## Brief
All of the data below should be repeated exactly. Pictures should not be included.

## Provided material

************

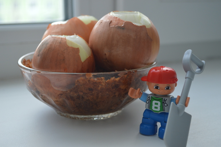 Сегодня мы с Матвейкой решили посадить на окошке лук. Взяли небольшой салатник, насыпали туда опилок, налили воды и посадили три луковицы. Теперь ждем результат!
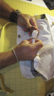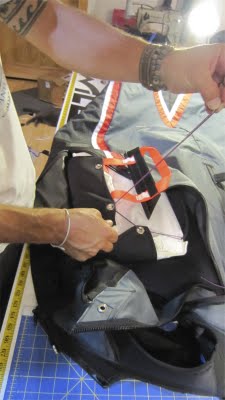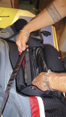 Now, all of the chute door zippers are properly closed and your handle and deployment paddle are outside of the harness, along with the strings exiting the grommets on either side of the handle. One at a time, pull the string with enough force to see the bungy stretched outside of the exit grommet. With the bungy loop pulled out of the harness, thread the nylon rod (sewn to the handle “paddle”) through the bungy loop to secure the neoprene flaps inside the harness. At the same time, tuck the corresponding side of the “paddle” under its triangular capture that is sewn onto the exterior of the harness (see photo). Repeat this process to the other side.
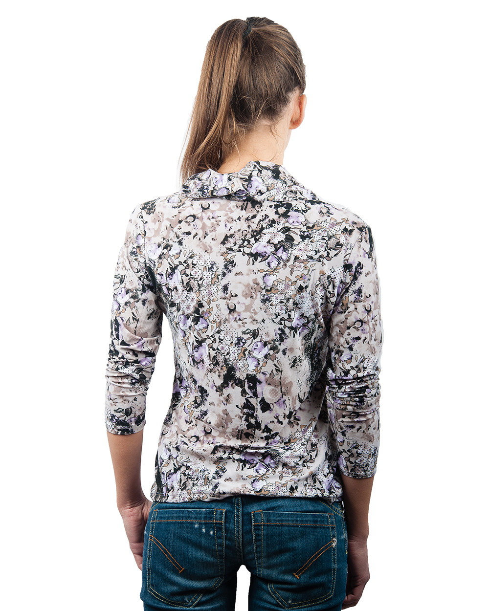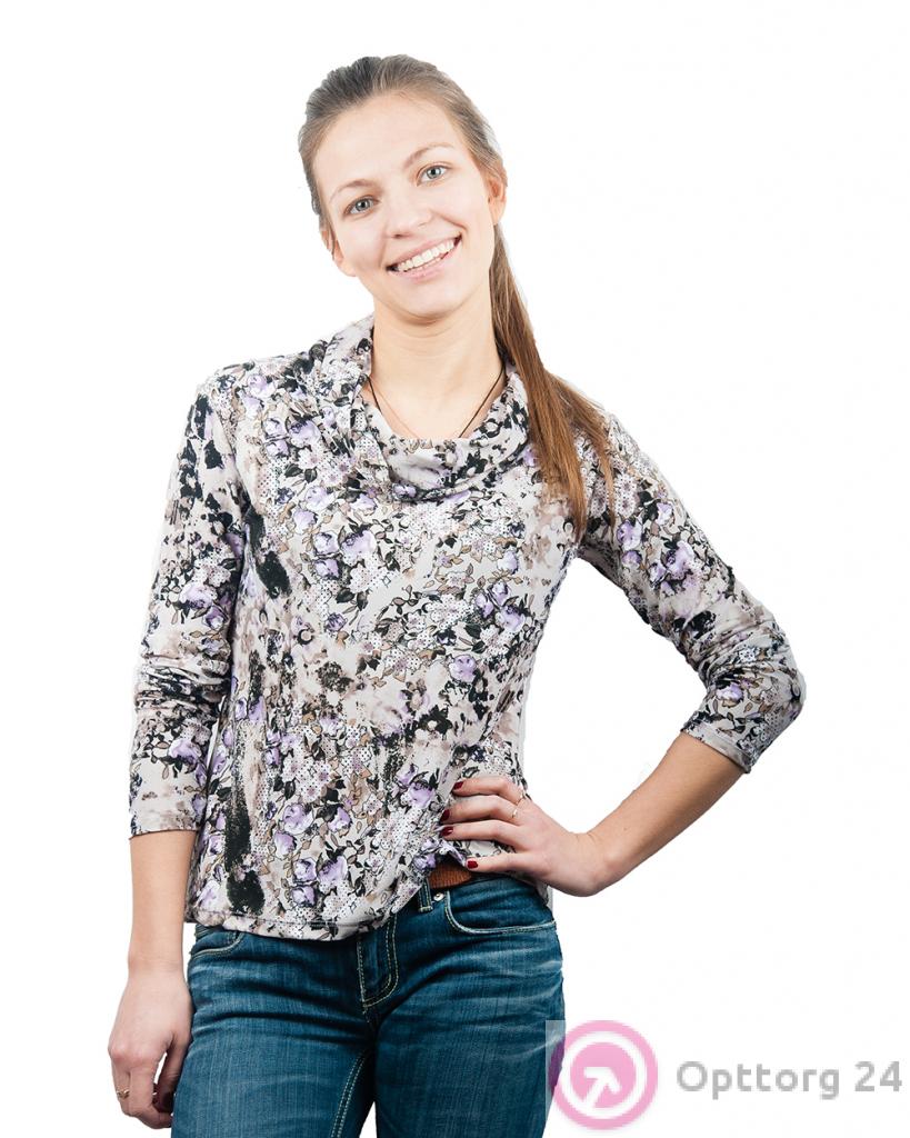 Джемпер женский сиренево-черный с абстрактным принтом оптом

************

## Answer to the problem
 Сегодня мы с Матвейкой решили посадить на окошке лук. Взяли небольшой салатник, насыпали туда опилок, налили воды и посадили три луковицы. Теперь ждем результат!
 Now, all of the chute door zippers are properly closed and your handle and deployment paddle are outside of the harness, along with the strings exiting the grommets on either side of the handle. One at a time, pull the string with enough force to see the bungy stretched outside of the exit grommet. With the bungy loop pulled out of the harness, thread the nylon rod (sewn to the handle “paddle”) through the bungy loop to secure the neoprene flaps inside the harness. At the same time, tuck the corresponding side of the “paddle” under its triangular capture that is sewn onto the exterior of the harness (see photo). Repeat this process to the other side.
 Джемпер женский сиренево-черный с абстрактным принтом оптом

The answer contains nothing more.